I sat down at my laptop and opened a blank Word document. “Colin,” I said aloud. “This is just you and me talking now. No one else will read this. You know this person better than anyone. Tell me about her.”
Then an amazing thing happened: he did.
He began with a few paragraphs of drivel, but then he started telling me the reasons he’d noticed this young woman when he first met her. He described her recoil at being touched, even casually, that went so far beyond any ordinary aversion. He shared her obsessions, her routines, the oddities of her running habits. (“I’m pretty sure the sweat ran in pre-ordered rivulets down her shirt.”) He kept talking and as he did, I learned more about her vulnerabilities and how they manifested themselves—things I hadn’t known even after writing a beastly six-hundred-page first draft. I suddenly realized a key to her character arc I’d never seen before.
Don’t get me wrong; I’ve still got a lot of work to do. My new assistant laughed when I asked him to help with a plot hole, and he walked right out of the room when I posed a major structural problem. The Beast still sits before me, dangling that anti-muse from its stinky, rotting teeth, threatening to rake me again with its claws.
The Beast nearly scared the life out of me, and it may do so again when I read draft number two.
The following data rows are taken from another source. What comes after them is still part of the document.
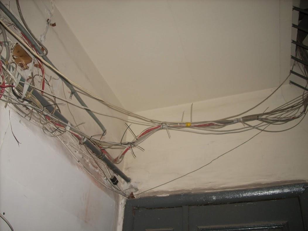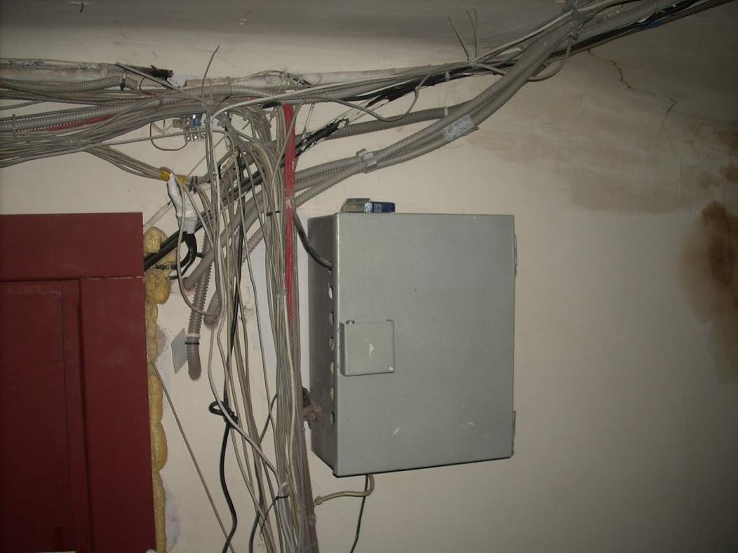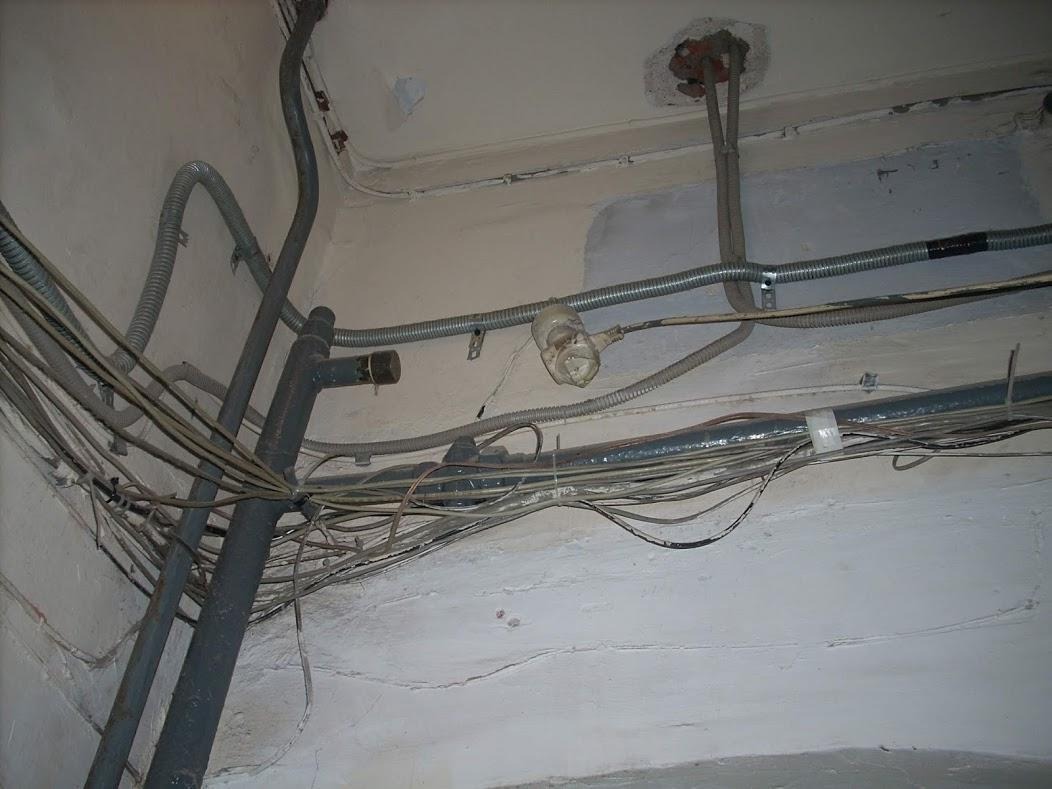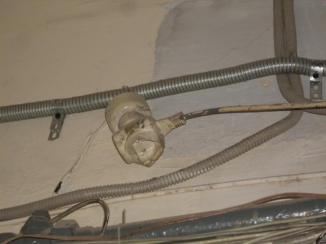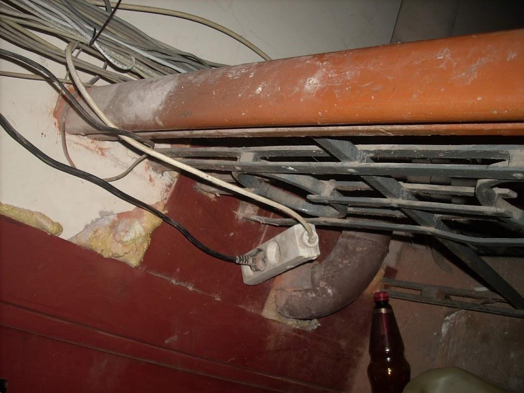 В розетку воткнут тройник, из которого идёт удлинитель.Отчётливо видно, что тройник оплавлен.Попробуем отследить кабель. Поднимемся с последнего жилого на технический этаж.Тадам! Есть ящик. Но! К нему 220V не приходит, внутри вероятно пассивное оборудование или он ещё не запущен в эксплуатацию. Ищем дальше.Интересующий нас кабель заходит в этот висящий в воздухе очередной тройник. Отслеживаем то, что воткнуто в него.И вот наш вероятный победитель! С оторванной крышкой и характерной бутылкой внутри. Кабель уходит в левый ящик.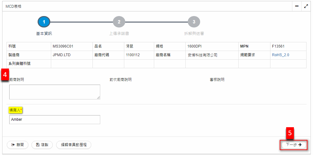 若客戶有開放供應商可自行重啟調查MCD表格(僅限通過之MCD表格),即可修改MCD表格後再次送審,操作步驟如下: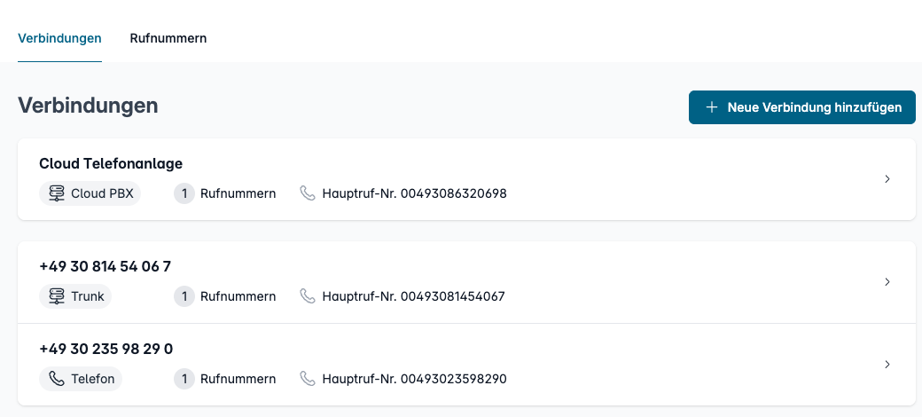Unter „Telefonfunktionen“ → „Rufnummern verwalten“ finden Sie unter „Verbindungen“ eine Übersicht Ihrer SIP Trunks.

But even though that draft may also be a Beast, I know now that a weapon may be hidden within in it, a way to step outside of the fear it brings so that I can find a new path back into writing my characters and their story. I’ve learned that if I look hard enough, I can find a way to tame The Beast.
Photo courtesy Deviant Art’s nJoo.
This exact same thing happened with my first sci-fi novel. I was too close to the main character. I didn’t see her objectively enough. Everyone around her shined, but she was sorely lacking. I’m going to try your method of “talking” to one of the other characters and see what happens. Thanks for the tip. :)
Lovely post. I often do that too if a character is going astray: open a new document and do some free-writing. However, I usually do it in that character’s voice and I can see from your post how useful it would be to free-write from someone’s point of view. That would really serve to deepen the narrative.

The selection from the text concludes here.